▶ [Your objective]: Though the entries contain pictures, the copy you make should hold only the rest, exactly as written.

▶ [Material for the task]:
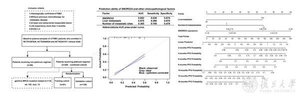 为更好预测铂类治疗三阴性乳腺癌疗效,本研究还通过综合基线肝转移状态、转移灶数目以及血浆中SNORD33 水平这3个重要指标,制作了可以预测含铂一线治疗转移性乳腺癌患者生存时间的列线图。通过对列线图的分析,可对每个患者进行个体化的计算,进而得到对应的不同月份发生进展的概率。即在基线时通过简单的计算判断患者使用含铂方案生存时间长短的概率,弥补了仅通过SNORD33 表达的高低进行预后判断的相对“简略粗糙”的缺点,更加完善血浆SNORD33作为铂类药物预测分子靶标的可行性。
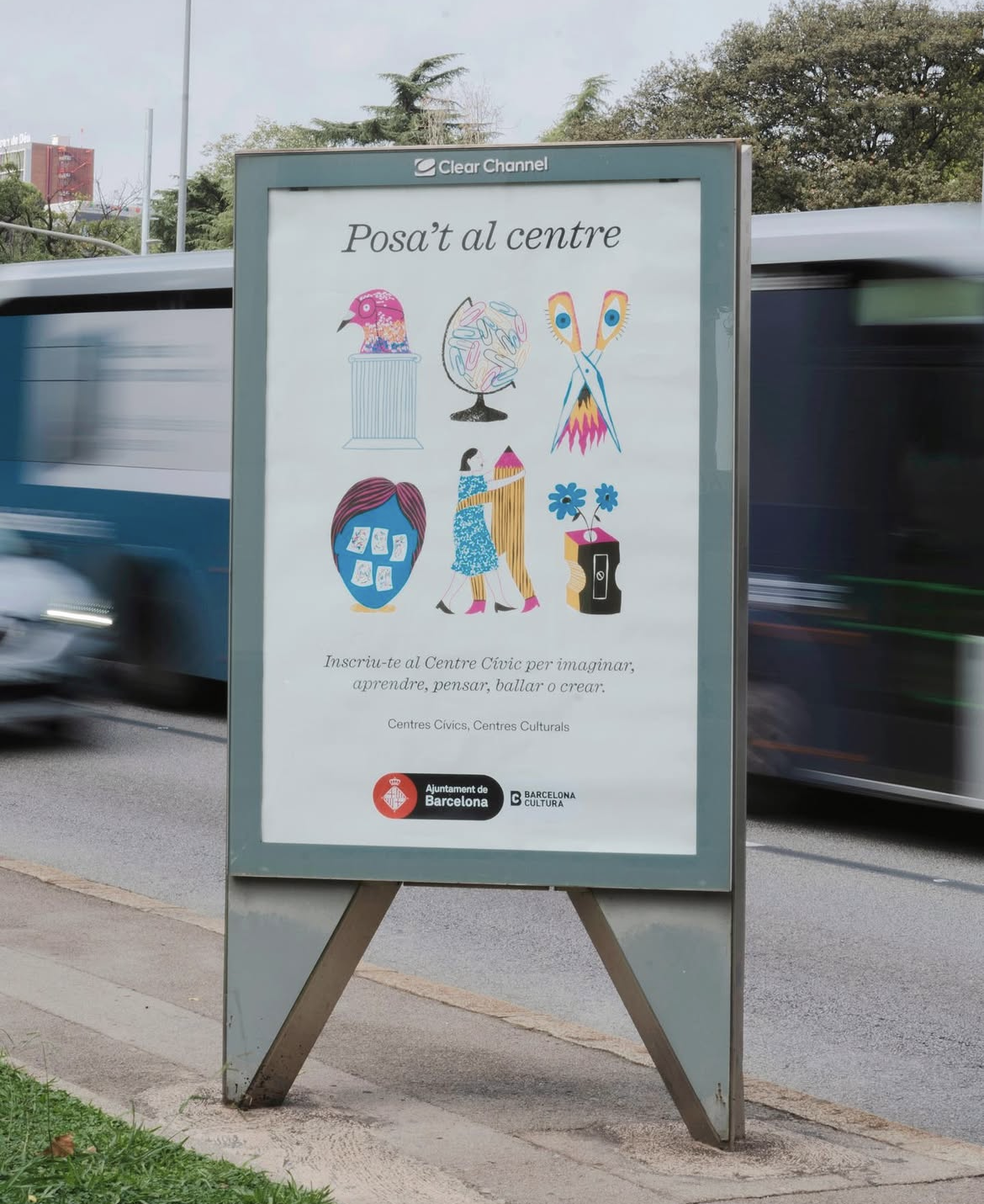 Concept and illustrations for the registration campaign for civic centers in Barcelona. The idea was to pay homage to office supplies and tools -essential instruments in the first steps of creation- by creating surreal and playful associations between them and the various activities offered at the centers.
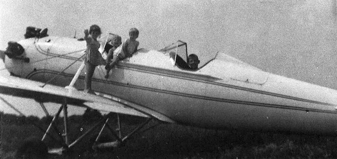 A July 1959 photo of kids playing in a Ryan PT-22 Recruit at Bassler Airfield (courtesy of David Suter).
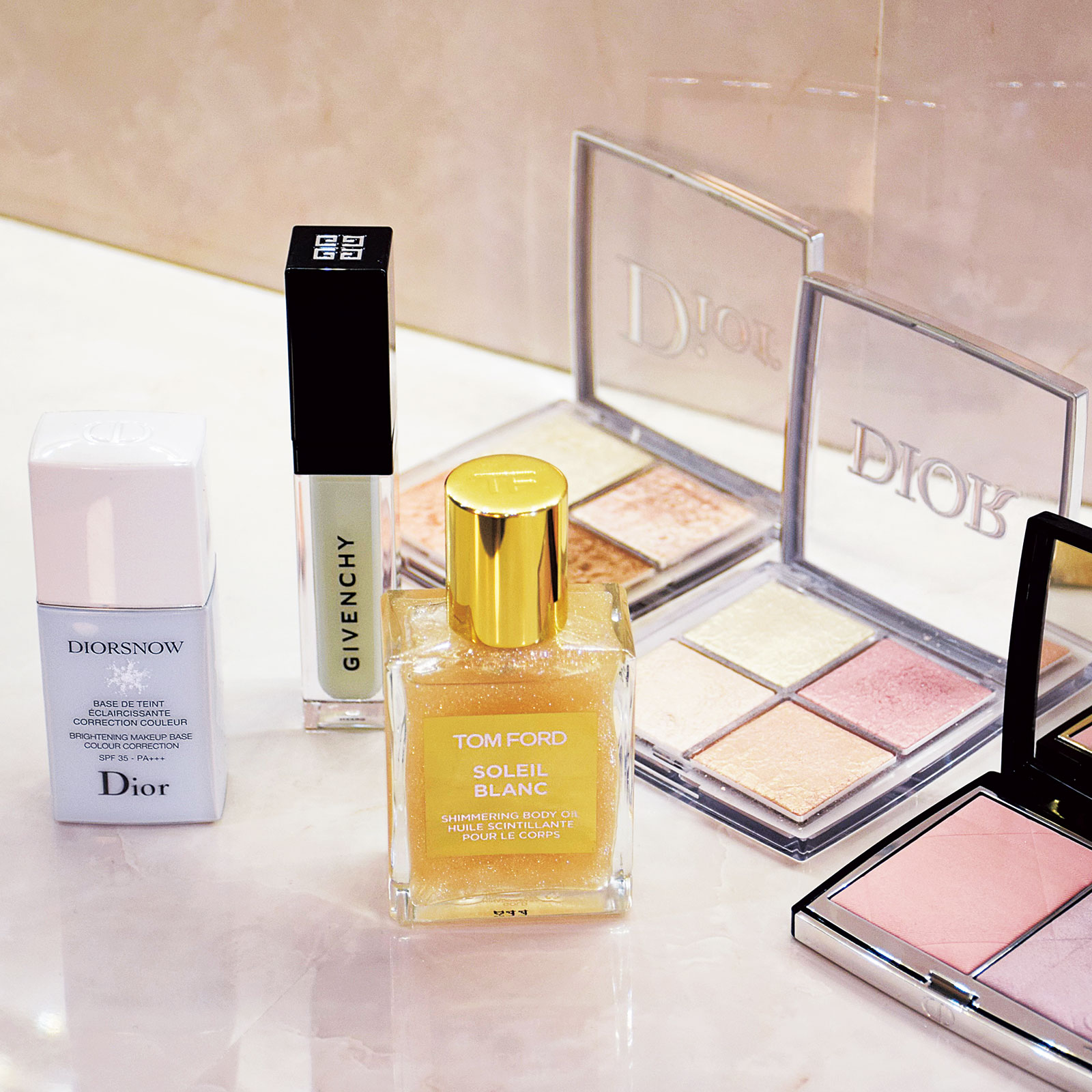 ツヤがありすぎると逆にアラが目立ってしまうので、肌馴染みがよく、肌にのせただけでヴェールのかかったようなツヤを出してくれるアイテムを選んでいます。ジバンシイのプリズム・リーブル・スキンケアリング・コレクターは赤みを消してくれるグリーンを、ディオール スノー メイクアップ ベースはくすみも飛ばしてくれます。ディオール バックステージ002、004、ルージュ ブラッシュ287は頬の一番高い部分にツヤ玉を作る時に。トム フォードのソレイユ ブラン ボディオイルはオフショルを着る日のデコルテに。
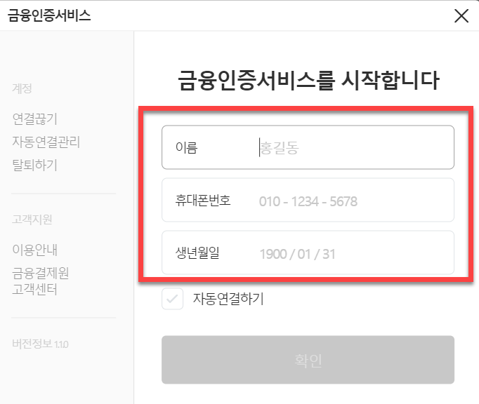 금융인증 서비스 방법을 선택하셨다면 처음 인증서를 발급받아서 이용하였던 과정과 동일하게 이름, 휴대폰 번호 그리고 생년월일을 모두 입력 후 <확인> 단추를 눌러 주시면 됩니다

▶ [Result]:
 为更好预测铂类治疗三阴性乳腺癌疗效,本研究还通过综合基线肝转移状态、转移灶数目以及血浆中SNORD33 水平这3个重要指标,制作了可以预测含铂一线治疗转移性乳腺癌患者生存时间的列线图。通过对列线图的分析,可对每个患者进行个体化的计算,进而得到对应的不同月份发生进展的概率。即在基线时通过简单的计算判断患者使用含铂方案生存时间长短的概率,弥补了仅通过SNORD33 表达的高低进行预后判断的相对“简略粗糙”的缺点,更加完善血浆SNORD33作为铂类药物预测分子靶标的可行性。
 Concept and illustrations for the registration campaign for civic centers in Barcelona. The idea was to pay homage to office supplies and tools -essential instruments in the first steps of creation- by creating surreal and playful associations between them and the various activities offered at the centers.
 A July 1959 photo of kids playing in a Ryan PT-22 Recruit at Bassler Airfield (courtesy of David Suter).
 ツヤがありすぎると逆にアラが目立ってしまうので、肌馴染みがよく、肌にのせただけでヴェールのかかったようなツヤを出してくれるアイテムを選んでいます。ジバンシイのプリズム・リーブル・スキンケアリング・コレクターは赤みを消してくれるグリーンを、ディオール スノー メイクアップ ベースはくすみも飛ばしてくれます。ディオール バックステージ002、004、ルージュ ブラッシュ287は頬の一番高い部分にツヤ玉を作る時に。トム フォードのソレイユ ブラン ボディオイルはオフショルを着る日のデコルテに。
 금융인증 서비스 방법을 선택하셨다면 처음 인증서를 발급받아서 이용하였던 과정과 동일하게 이름, 휴대폰 번호 그리고 생년월일을 모두 입력 후 <확인> 단추를 눌러 주시면 됩니다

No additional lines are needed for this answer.